# Sharpening your tools



## Barnacle Bill (May 21, 2004)

Today I sharpened my hoe, shovel, cultivator, etc. We used to sharpen them a couple of times a year when I was growing up.

Anyone else here sharpen their tools?


----------



## Meadowlark (Jul 19, 2008)

I don't but should...in fact you've inspired me to get that done.
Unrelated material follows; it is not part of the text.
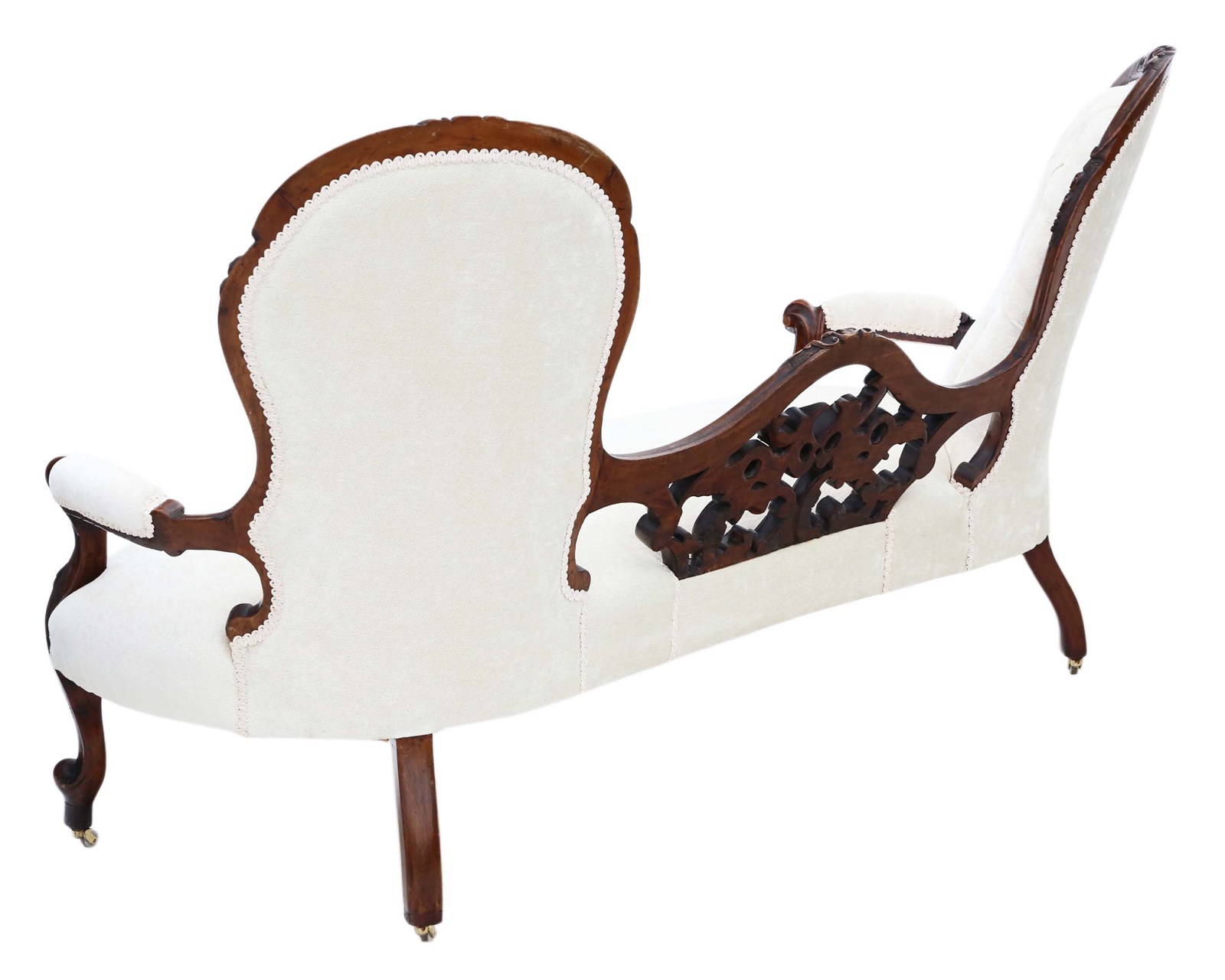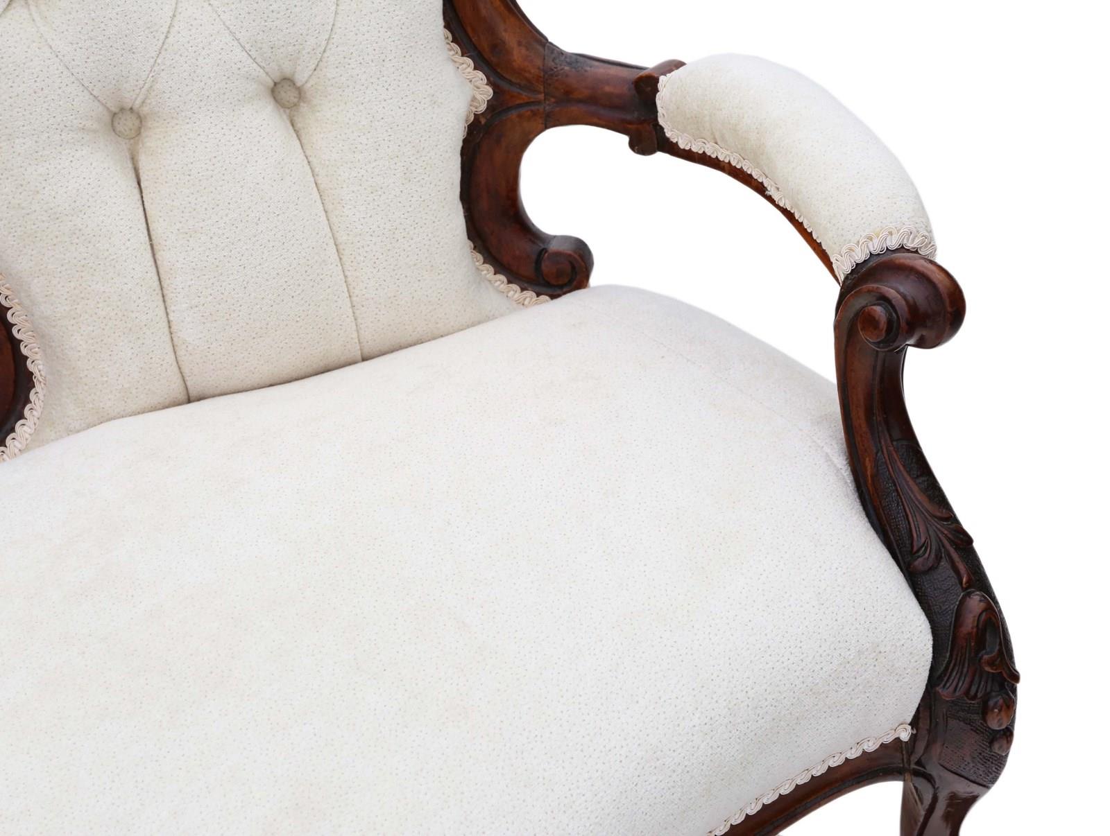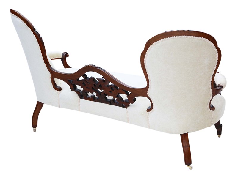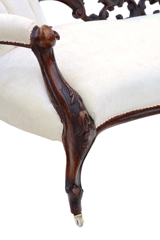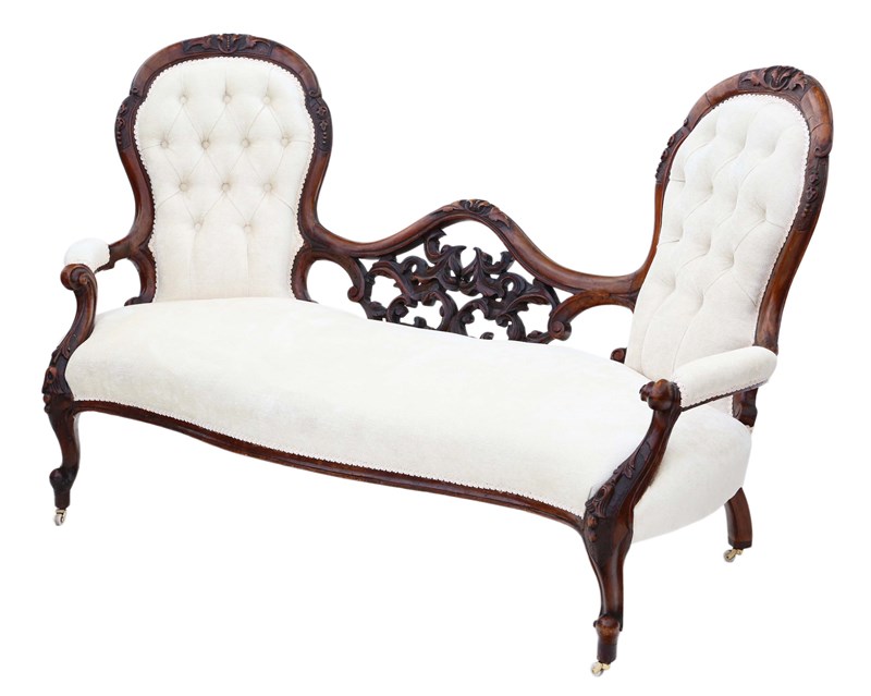 Antique Victorian c.1860 Walnut Chaise Longue / Conversation Sofa – Elegant 19th Century Seating

Thanks.


----------



## wish2fish (Mar 1, 2005)

What do you use to sharpen them with, a bench grinder or hand held?

Any one use a dremel for this?


----------



## Barnacle Bill (May 21, 2004)

wish2fish said:


> What do you use to sharpen them with, a bench grinder or hand held?
> 
> Any one use a dremel for this?


Just a file...

http://www.ehow.com/how_13267_sharpen-shovel.html

http://www.motherearthnews.com/Do-It-Yourself/1987-11-01/Tool-Sharpening-Basics.aspx


----------



## CoastalOutfitters (Aug 20, 2004)

yep, big flat file and a vice

fairly steep angle


----------



## Bobby (May 21, 2004)

I sharpen my tools sometime 4 or 5 times while using them. My turning tools that is.:biggrin::biggrin:


----------



## Ready.Fire.Aim (Sep 22, 2009)

A Belt sander with 60 grit sandpaper works great for sharpening hoes, shovels, machetes. Mine has a button for locking the "on" switch, I then mount the sander in a vice and use it similar to a bench grinder. 
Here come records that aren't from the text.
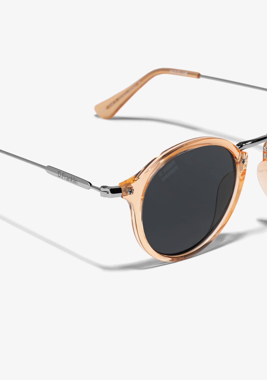 Sus lentes redondeadas teñidas en gris y su montura en ámbar refuerzan la estética setentera de este modelo. Cuenta con nuestros detalles distintivos D.Franklin: el logo grabado en ambas varillas metálicas y nuestro emblema en la lente derecha. Con un ancho de lente de 49 mm y una montura con ancho frontal de 148 mm, estas gafas favorecen a la mayoría de los rostros. Las varillas laterales tienen una longitud de 145 mm.
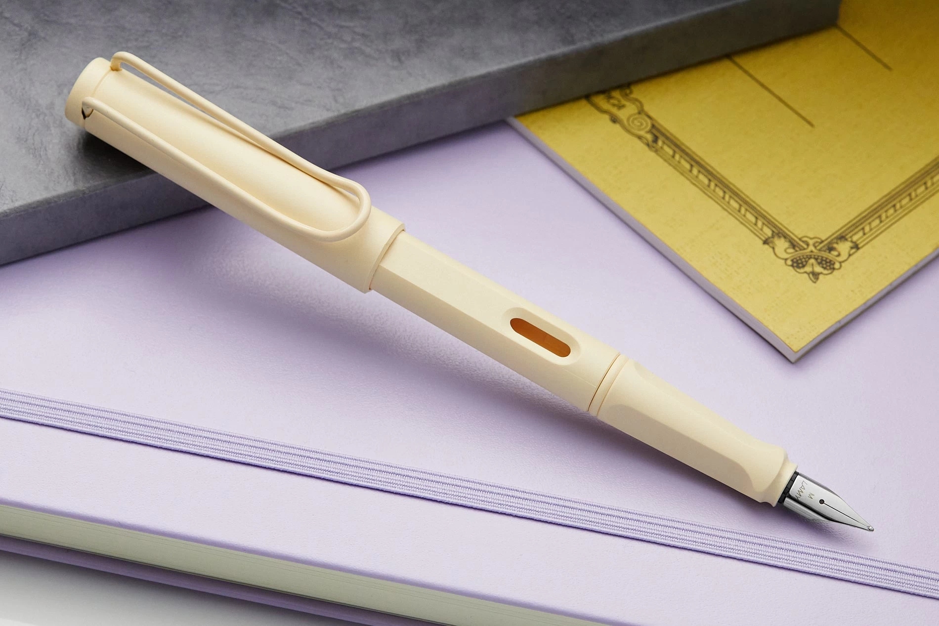 One of two special edition colors for 2022! This fountain pen features a matte cream barrel and cap, clip, finial, and accents.
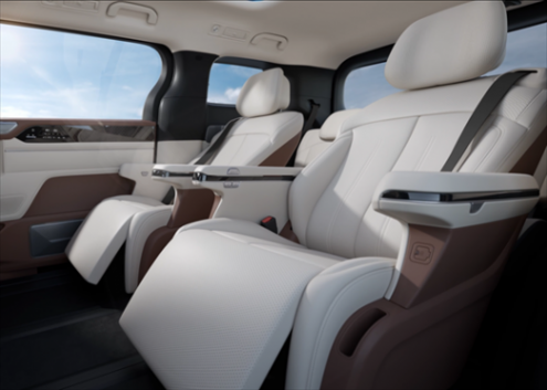 內飾方面,新車采用了全新設計風格,中控臺為三屏設計,分別為全液晶儀表、大尺寸懸浮式中控屏以及副駕駛娛樂屏,為車內帶來了不錯的科技感。配置上,新車標配電動雙側滑門、電動尾門、全景天窗、前后排雙層隔音玻璃、中后排隱私玻璃以及8安全氣囊等。值得一提的是,中、頂配車型還配有50W手機無線充電、DiSound音響系統、寬溫域冷暖兩用智能冰箱以及前排座椅背靠小桌板等亮點配置。

Makes for quick work sharpening tools so I touch up when needed. A sharp shovel makes for easier digging.


----------



## Barnacle Bill (May 21, 2004)

Ready.Fire.Aim said:


> A Belt sander with 60 grit sandpaper works great for sharpening hoes, shovels, machetes. Mine has a button for locking the "on" switch, I then mount the sander in a vice and use it similar to a bench grinder.
> 
> Makes for quick work sharpening tools so I touch up when needed. A sharp shovel makes for easier digging.


I hadn't thought of the belt sander idea. I'm going to try that. Thanks agmio...


----------



## Larry Pure (May 18, 2006)

I use the 90 degree mini grinder, works faster than working a hoe handle around the big grinder.


----------



## firelt (Dec 3, 2004)

I sharpen all of mine with a file. And every time I do it, I remember back to when I had to chop cotton and give thanks that I don't have to do that anymore.


----------



## Barnacle Bill (May 21, 2004)

I have a dremel with the lawnmower blade sharpening attachment. I might try it on the shovel and hoe later today. I have a ton of work to do out there.


----------



## salth2o (Sep 21, 2004)

I use a hand file to sharpen my garden tools and mower blade.


----------